You may be confused about what the Histogram is doing. Try this simple example:

make/O/N=10000 wave0
wave0 = gnoise(1)  // this creates 10,000 samples of Gaussian distributed noise, std.dev.=1
Make/O/N=200 wave0_Hist
Histogram/C/B={-4,0.04,200} wave0, wave0_Hist
Display wave0_Hist
print sum(wave0_Hist)

The result is 10000, the number of "counts" (points in the wave). Now if you do the same Histogram but select "Normalize Result to Probablility Density"

Histogram/P/C/B={-4,0.04,200} wave0,wave0_Hist
print area(wave0_Hist)

The result is close to the expected unity result for integrating a Probability Density Function.
Remenber that the horizontal x-axis of the Histogram should span the range of vertical (y) values in the original data set. Part of the confusion is that you are neglecting the x-scaling of the Histogram wave in your "hand-made" normalization. To do your own normalization properly (without using the /P flag) you have to divide the histogram wave by the number of points, but also multiply by the number of bins per unit amplitude. This is a complicated way to get the same result as using the /P (probability density) flag.

Log in or register to post comments

February 21, 2012 at 10:22 am - Permalink

jtigor

To use the previous example, perhaps what you want is simply...

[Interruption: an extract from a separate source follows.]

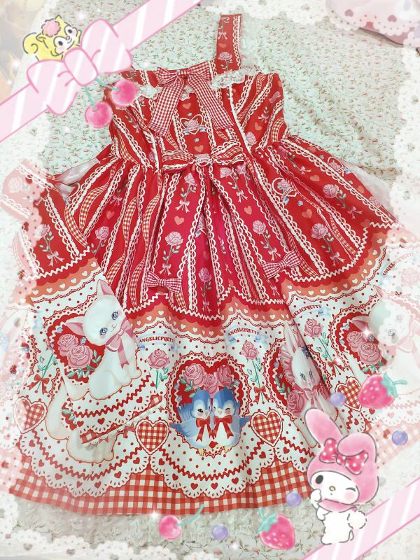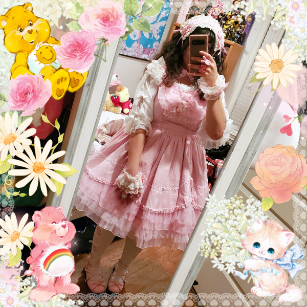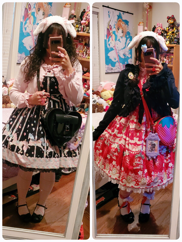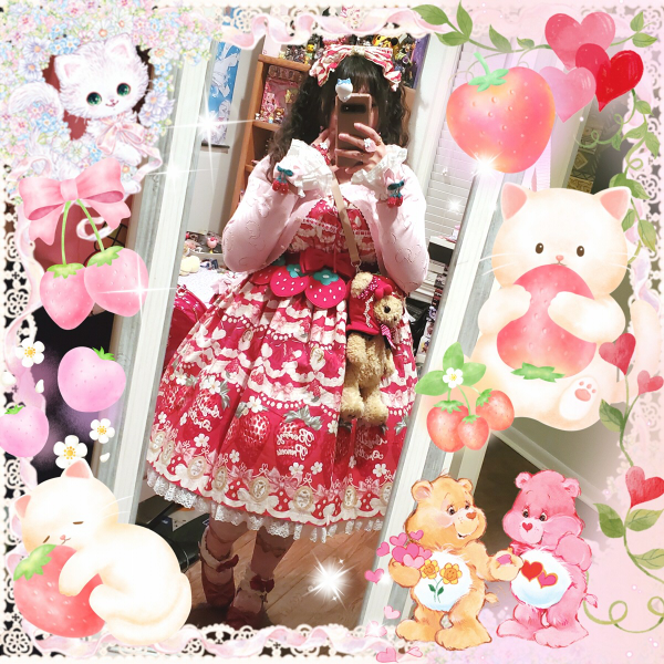 isn't she beautiful?? it's the be my valentine jsk by ap, now i just need my biggest wishlist item... actually i still want to make a wishlist and talk more about the lolita items i'm still in search of, usually i feel like it's really bad luck to announce it in public where everyone can see, but i feel comfortable talking about it here in my safe space. i'm excited to put it together!!! i love lolita fashion!!! i've been wearing it for nearly 13 years now and it still makes me just as happy as the first time i discovered it...

Histogram/C/B={-4,0.04,200} wave0, wave0_Hist
wave0_Hist /=  sum(wave0_Hist)

Log in or register to post comments

February 22, 2012 at 05:56 am - Permalink

s.r.chinn

Jeff, regarding your reply I have two comments:
(1) Doing the division as you indicated caused some strange effects for me (IP 6.22A, Win Vista). Finding the sum first, and then dividing worked OK, but does not give the correct p.d.f. for reasons I stated above involving the x-axis scaling and bin density.
(2) I did the /P histogram and plotted it on the same graph (but right-hand axis, blue). Its area is close to one:

•print area(wave0_Hist2)
  0.9999

The left-hand axis plot (red) using the sum division is not properly normalized for a p.d.f.

Attachments Histograms.png (54.08 KB)

Log in or register to post comments

February 22, 2012 at 07:28 am - Permalink

s.r.chinn

(1) Doing the division as you indicated caused some strange effects for me (IP 6.22A, Win Vista).

In retrospect, this behavior is not strange. In dividing Wave0_Hist /= sum(Wave0_Hist) each point on the LHS is being divided by a new and different point on the RHS as Wave0_Hist changes.

Log in or register to post comments

February 22, 2012 at 08:32 am - Permalink

johnweeks

Yep- To get what the original poster wants, he needs

Variable temp = sum(wave0_Hist)
wave0_Hist /= temp

As pointed out by s.r.chinn, that is because if you write
wave0_hist /= sum(wave0_hist)
then the right side is doing a sum of a constantly changing left side.

John Weeks
WaveMetrics, Inc.
support@wavemetrics.com

Log in or register to post comments

February 22, 2012 at 09:19 am - Permalink

jtigor

I'll admit that, although I did test my suggestion, it was only at one point. That was a seriously inept error on my part and I apologize for any confusion it may have caused.

With regard to the calculation, it seemed that the original poster wanted to express each bin as a fraction of the total counts. That should be the end result of my suggestion ... when implimented correctly.

Log in or register to post comments

February 22, 2012 at 10:26 am - Permalink

s.r.chinn

If the desired result is a probability per bin, then a quick simple example is

function test() //  each bin is treated as a dimensionless bucket
    make/O/N=4 wtest = {0.1, 0.1, 0.1, 0.2}
    make/O/N=2 whist
    histogram/B = {0.05, 0.1, 2} wtest, whist
    whist /= numpnts(wtest) //  each point is a probability of that bin
end

The customer is always right, but the request to "normalize the histogram to probability " had an ambiguous meaning. I think this horse is dead now.

Attachments DiscreteHistogram.png (21.97 KB)

Log in or register to post comments

February 22, 2012 at 11:28 am - Permalink